Но дедушка покачал головой:
— Нет, не могу. Меня уже, считай, нету. Да и ты смотри — что я приходил, никому ни слова.
— Даже маме? — Юра не на шутку огорчился.
— Никому, — повторил дед не без строгости. — Ну, пошли в комнату, сядем, и ты мне всё расскажешь…
Они говорили до самого рассвета. Когда же на тёмно-сером небе показалась алая зорька, дед поднялся с кресла.
— Ну всё, Юрка, мне пора.
— Деда, а ты ещё придёшь?
— Приду. Как будет полгода — обязательно приду. А пока прощай. Будь умницей.
Помахав внуку рукой на прощание, покойный дед вышел из комнаты…
***
Слово своё он сдержал. Полгода нетерпеливого ожидания, перемешанного порой сомнением: а не приснилось ли всё это? Полгода тоски оттого, что так не хватает дедушки — и вот уже наступает долгожданная ночь. Медленные стрелки настенных часов доползли, наконец, до двенадцати — и вот в комнату входит дедушка.
— Здорово, деда! — радостным шёпотом восклицает мальчик.
— Здорово, Юрка! Ну, как жизнь? Налаживается?
И снова время до рассвета пролетело за разговорами. Не успел Юра рассказать дедушке и половины того, о чём думал все эти полгода, тщательно подбирая слова и представляя во всех красках, как он скажет это дедушке, и что он ему ответит, как небо незаметно начало светлеть.
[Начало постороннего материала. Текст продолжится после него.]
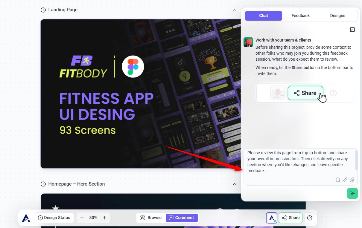 This creates a design project where team members, clients, and stakeholders can leave visual feedback directly on the design.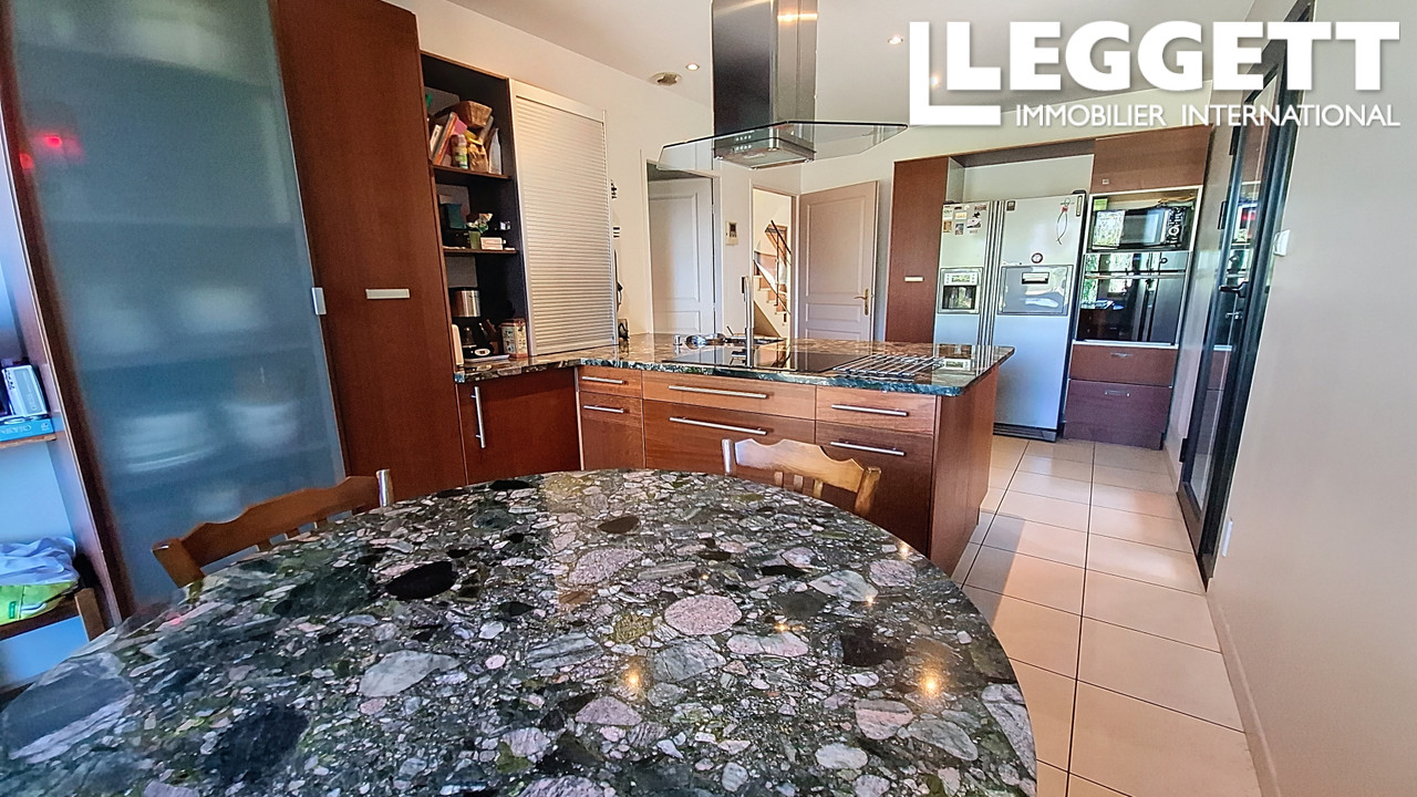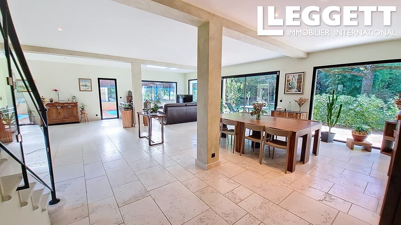 Implantée sur un terrain plat et paysagé de 2 500 m², elle dispose d'une piscine intérieure chauffée de 65 m², véritable espace de bien-être, ouverte sur un vaste salon-salle à manger de 82 m². La cuisine indépendante, avec cellier, s'ouvre sur deux terrasses couvertes et découvertes.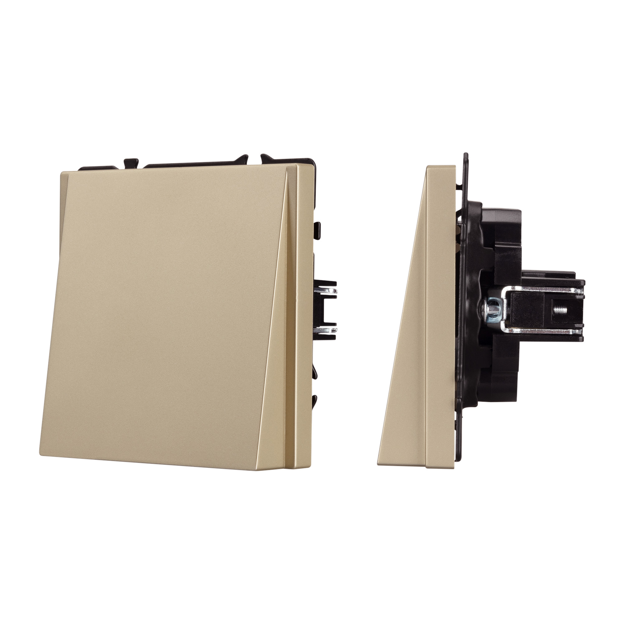 Строгие геометрические линии гармонично сочетаются с функциональностью продуманных механизмов, создавая идеальное решение для дизайн-проектов, где важны как эстетика, так и практичность. Механизм вывода кабеля совместим с рамками серии NOBE, создает утонченный минималистичный вид. Скрытый тип монтажа позволяет гармонично встроить в интерьер любого современного дизайн-проекта. Видимая часть механизма выполнена из высококачественного пластика цвета золотой песок и имеет Soft-Touch покрытие, что придает изделию приятные тактильные ощущения и стильный внешний вид. Выводной кабель фиксируется винтовым зажимом, расположенным на тыльной стороне механизма. А усиленные распорные лапки двойного захвата надежно фиксируют механизм в установочном подрозетнике круглого сечения диаметром 60мм. Суппорт окрашен в черный матовый цвет под основу механизма и выполнен из металла толщиной 1,5мм, что обеспечивает безопасность и уверенность в установке. На каждой стороне суппорта размещены фиксирующие элементы, позволяющие комбинировать механизмы в системы до 5шт как горизонтально, так и вертикально.

— Вот что, Юрка, — сказал неожиданно дед. — Просьба у меня к тебе.
— Какая, деда?
— А вот такая… — с этими словами покойный протянул внуку серёжки из чуть потемневшего от времени серебра, с овальным малахитом, тяжёлые. — Это серёжки Марьи Дмитриевны — они ей ещё от прабабки достались, она их давно потеряла. Верни ей, хорошо.
— Хорошо, деда, — ответил Юра, взяв их в руки. — Завтра же отдам.
— Нет, ты лучше положи ей в почтовый ящик. А то будет спрашивать: где нашёл, как нашёл? Не скажешь же ты ей: покойный дед передал.
Пожалуй, дедушка прав! Что тут ответишь?
— Не волнуйся, деда, я положу.
На следующий день Юра после уроков зашёл в подъезд дома, где жила учительница. Посмотрев по сторонам и не увидев никого, кинул серьги в ящик квартиры номер семь. Затем быстро, пока его не заметили, вышел на улицу. Лишь через несколько лет он узнает, что серёжек Марья Дмитриевна так и не увидела. Любопытная соседка, пользуясь тем, что её ящик уже который год не закрывался на ключ, открыла его, чтобы посмотреть, что пишут. А увидев серёжки, беззастенчиво забрала их себе. Не знал он пока и того, что соседку эту вскоре судили за убийство. Сам же мальчик продолжал жить как прежде, с нетерпением ожидая годины. Дедушка обещал, что непременно придёт.
***
И дедушка пришёл. И на первую годину, и на вторую, и на третью, и на четвёртую. И каждый раз Юра ждал его, ждал и радовался его приходу. Жалел только об одном — что нельзя рассказать родителям. Разве что соврать, будто видел дедушку во сне.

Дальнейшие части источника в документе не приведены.